We bring up our three children Jewish. We surround ourselves with the colours and traditions of my roots as well as my atheist husband’s and our united British heritages.
But I was the first Jew my open-hearted husband had met, and perhaps the first his parents had met, too.
And when unwittingly insensitive comments came around about Poles transforming their hometown with their grocery shops and their language, I felt my Polish roots indignantly declaring themselves, out of nowhere. But what percentage Polish am I?
Then there was the time when my two-year-old proudly counted his footsteps down every stair at my in-laws’ house, in the cute toddler language that only parents can understand: “Five, shix, hanhan…”
“Is that Jewish?” asked one elderly aunt.
The key to many a good — or smooth, at least — relationship with those holding different views from your own, I have learnt, is to avoid conversations about topics known to be a source of disagreement: politics, religion. I’m becoming adept at swerving my way out of these, with polite-but-firm shutdowns.
There was, however, one conversation that somehow sucked me in, and only because it was evening, and I was sleepily sat at the dining table with a cup of tea: the hypocrisy of religion.
It is, perhaps, difficult for anyone who’s not of the faith to understand the possibility of being wholly culturally Jewish – embracing the festivals, simchas, the food and the community, yet simultaneously picking and choosing from the rest of the customs – without them thinking you are not Jewish at all.

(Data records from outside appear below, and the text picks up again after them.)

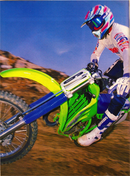 The Kermit Komet: In 1984, Kawasaki’s run of 125 futility would finally end with the introduction of their rocket-fast ’84 KX125. The green meanie ripped through the powerband like it was a 175 and left the other 125’s in its wake. Nineteen eighty-four 125 National Champ Jeff Ward demonstrates. |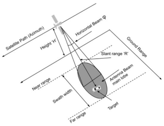 where is the satellite velocity, and R is the slant-range distance between the sensor and target. An illustration of this case is shown in Figure 5.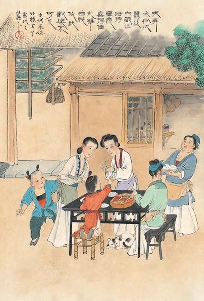捉弄米粉状蚕丝,内藏吉语待尔食。喜得佳兆虽自设,依然欢乐不可支。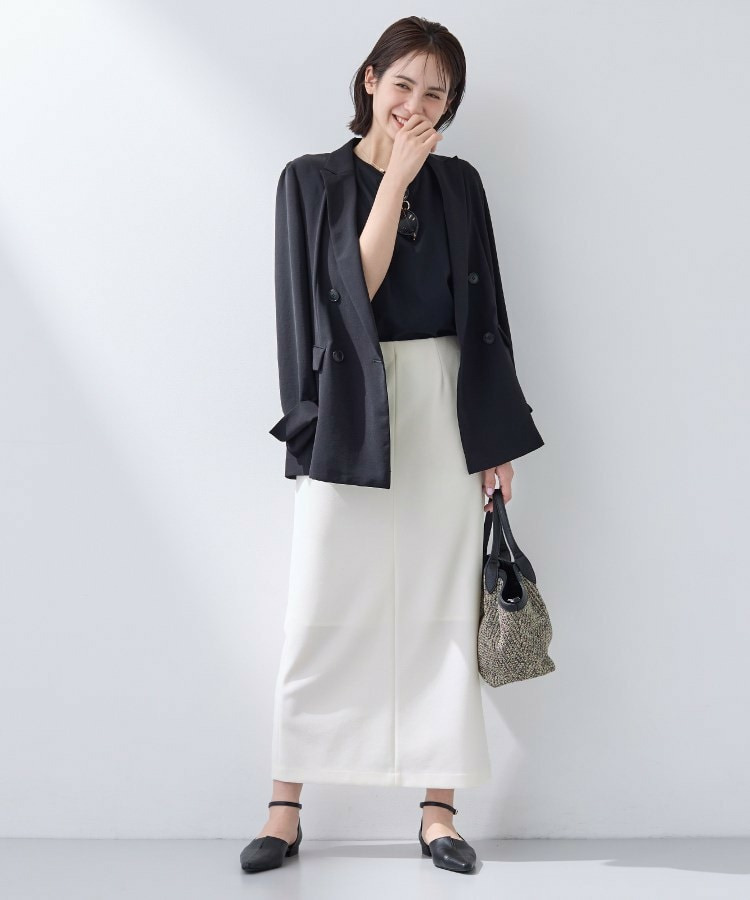 身体のラインを拾いにくいナロータイトシルエットで、すっきりとした印象に仕上げました。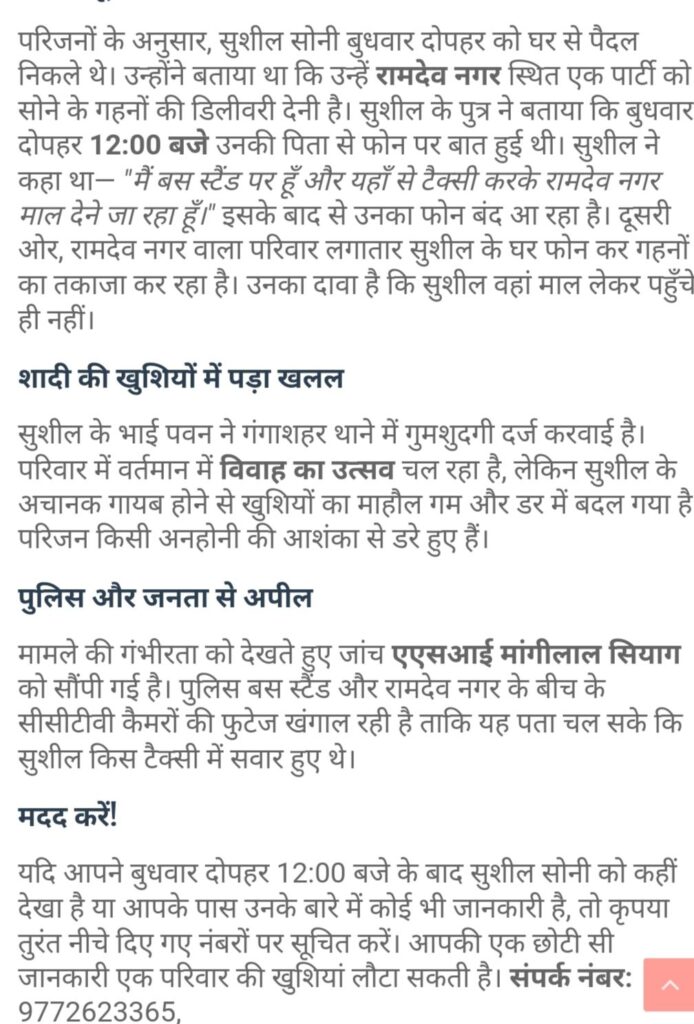 गंगा शहर थाना क्षेत्र के करनाणी मोहल्ले में रहने वाले 40 वर्षीय सुशील सोनी, बुधवार दोपहर से संदिग्ध परिस्थितियों में लापता हो गए हैं, सुशील सोनी सोनी के आभूषणों की डिलीवरी देने हेतु गए थे जो कि अपने निश्चित स्थान पर नहीं पहुंचे, और ना ही वापस घर लौटे इस घटना ने व्यापार जगत और क्षेत्र में सनसनी फैला दी है।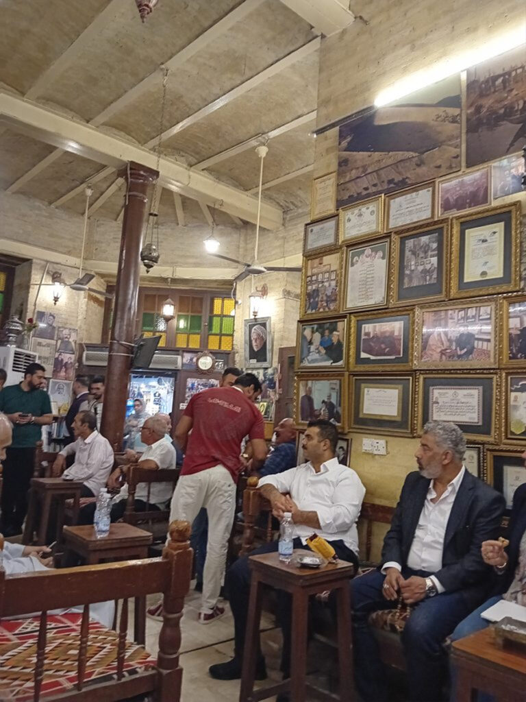 Inside this beautiful café, the leather and wood seating acts as a remembrance of the countless stories, conversations, and shared moments that have taken place. Tables with antique brass decanters and aged samovars, stand as keepers of a tradition that has endured the ages, and the walls adorned with portraits of Ottoman Pashas, King Faisal II, and Iraqi Poets are not just decorations but reminders of the past telling a story of the rich cultures that have come together within these walls.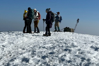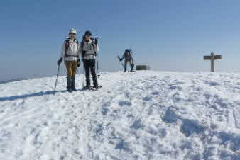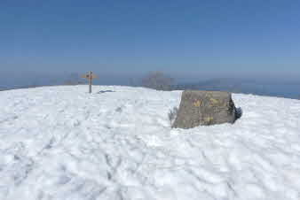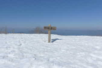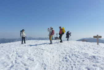 | 野坂岳山頂に全員集合。真っ白な山頂は、素晴らしい。野坂岳は、標高913mで、一等三角点になっている。 山頂からは、360度の大パノラマで、素晴らしい。若狭湾方面、敦賀半島の西方ヶ岳、敦賀湾、敦賀市街、白山とその方面の山並み、琵琶湖東側の山々、特に伊吹山が遠くに美しく見えた。 |

When the conversation turned to the insanity of having a God, and that all the religions were ultimately the same, and pointless, I pointed out that you can feel very much a part of Judaism for all kinds of reasons meaningful to yourself, reasons that don’t necessarily involve a God, and that it can be an integral part of your identity.
“But what are you: British or Jewish?” was the response.
I pride myself that I can be both, that my identity spans polite Britishness, a taste for cucumber sandwiches and scones, and unwavering respect for queues, but also my deep Jewish roots, from Poland, Hungary, Spain and Portugal, not to mention my relation to Cromwell’s Jewish adviser Simon de Caceres.
As does my husband, who, even after meeting me — he was in his early twenties when I became the first Jewish person he’d knowlingly encountered — would probably never have expected to find himself year on year sandwiched at a huge Seder table of 45 family members and friends for three hours of prayers, readings, songs and Sephardi and Ashkenazi foods, welcomed with open arms.
Does it feel weird for you? I wondered aloud after the last one.
“Not any more,” he shrugged. “I feel a bit Jew-ish.”